Das Delir ist ein sehr häufiges Krankheitsbild, das vorwiegend ältere Menschen betrifft. Neuere Studien gehen
davon aus, dass die Häufigkeit des
Delirs in Pflegeheimen im zweistelligen
Bereich liegt und bis >30% betragen
kann.1
Krankheitsbild
Der Begriff „Delir“ geht auf den römischen Arzt Aulus Cornelius Celsus
zurück, der ca. 100 n. Chr. Patienten
beschrieb, die „abseits des Pfades“,
„neben der Spur“ (= de lira) waren.
An ein Delir muss gedacht werden bei
akuten oder subakuten Veränderungen
des psychischen und häufig auch des
allgemeinen Gesundheitszustandes mit
Störungen des Bewusstseins und der
kognitiven Funktionen. Grundsätzlich
kann ein Delir in allen Altersgruppen
auftreten, besonders häufig ist es aber
bei alten Menschen.
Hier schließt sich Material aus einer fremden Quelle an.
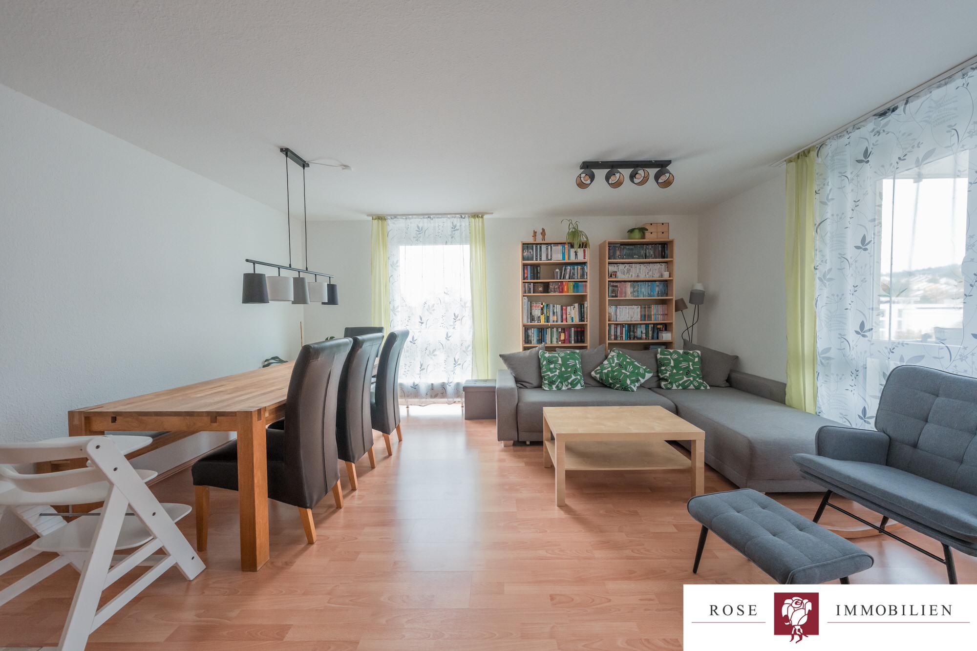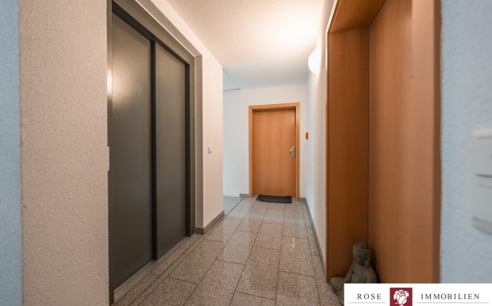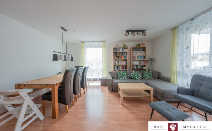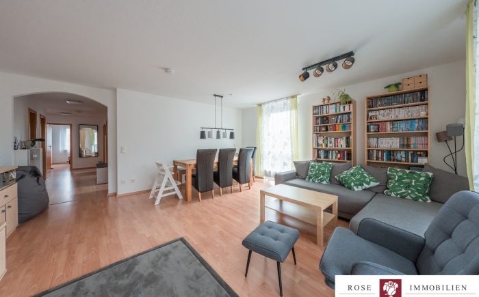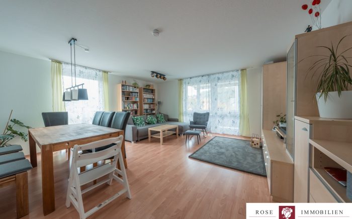 Die Wohnung liegt in einem Mehrfamilienhaus mit Aufzug und ist barrierefrei zugänglich. Der großzügige Wohn- und Essbereich bildet das Herzstück der Wohnung. Durch die großen Fensterflächen gelangt viel Tageslicht in den Raum, was eine angenehme Wohnatmosphäre schafft. Vom Wohnzimmer aus haben Sie Zugang zum überdachten Südbalkon, der ausreichend Platz bietet.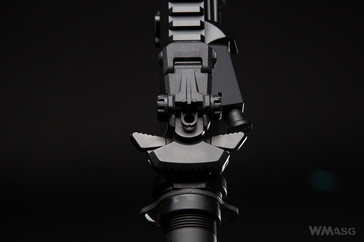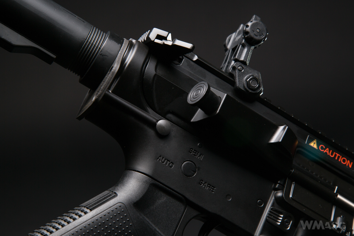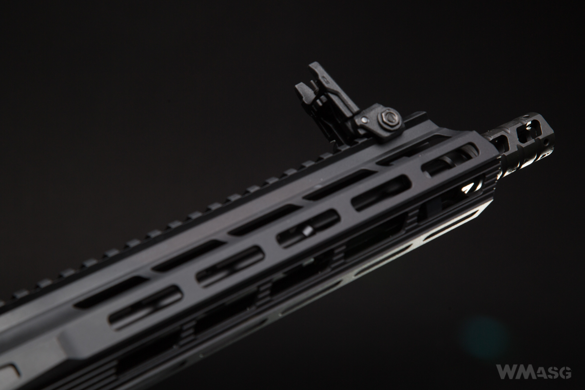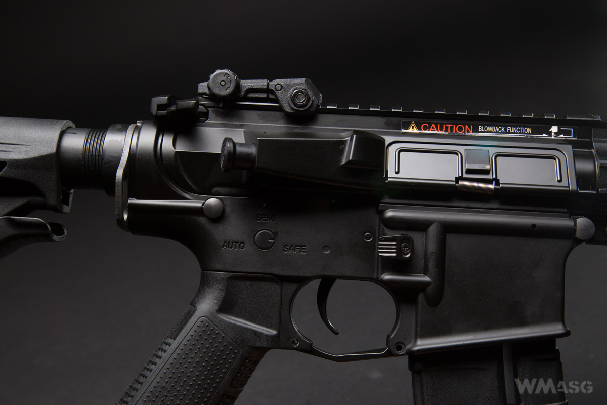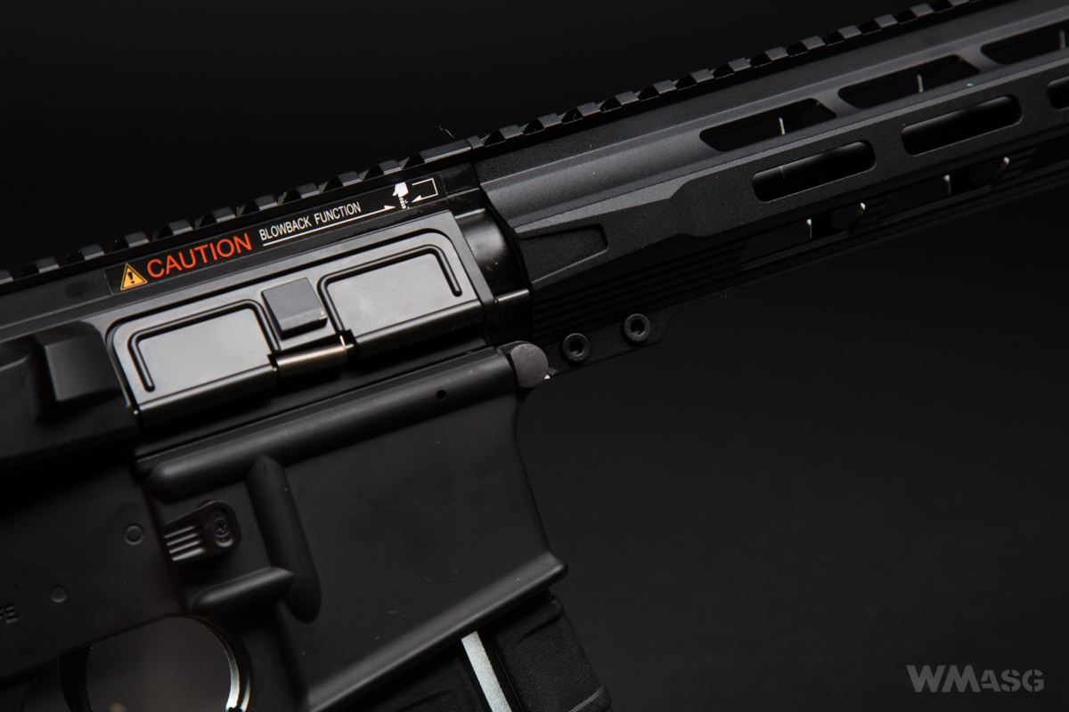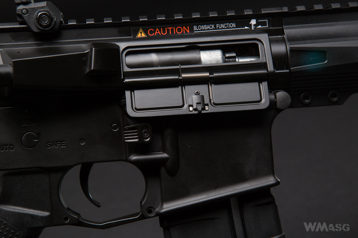 I have already written several times that MMRs are equipped with a mechanical blowback, meaning the dummy bolt carrier moves forward and back during shooting. The stroke of the bolt carrier is small, equal to approximately half the length of the ejection port. The system is not perfect and does not work in a manner that is 100% true to the real rifle. It happens, for example, that when we release the trigger when shooting in the full-auto mode, the dummy bolt carrier will stop in the middle of the ejection port. It results directly from the EBB design and does not obstruct anything. For those who will be bothered by this solution, it will be necessary to use an electronic control system that will force the piston to stop in the front position. Then the dummy bolt carrier will always remain closed.

Die diagnostischen
Kriterien nach DSM-IV/V sind:
A) Bewusstseinseintrübung/Störung der
Aufmerksamkeit
B) Einschränkung der kognitiven Leistungen
C) rasche Entwicklung (Stunden bis
Tage) mit fluktuierendem Verlauf
und
D) Störung durch die pathophysiologischen Auswirkungen einer körperlichen Erkrankung erklärbar
ICD-10 ist etwas differenzierter und
verlangt zusätzlich Störungen der Psychomotorik (hyperaktives vs. hypoaktives Delir), Störungen des SchlafWach-Rhythmus sowie emotionale Störungen (z.B. Depression, Angst, Euphorie). „Da das Delir mit einer akuten
Funktionsstörung des Gehirns einhergeht, gibt es neben diesen Kernsymptomen selbstverständlich viele weitere
vegetative und neurologische Symptome, gerade bei alten Menschen aber
auch somatische“, erinnerte Prof.
Walter Hewer, Vinzenz von Paul Hospital, Rottweil.
KeyPoints
• Mehr als 50% der Delirien werden nicht erkannt.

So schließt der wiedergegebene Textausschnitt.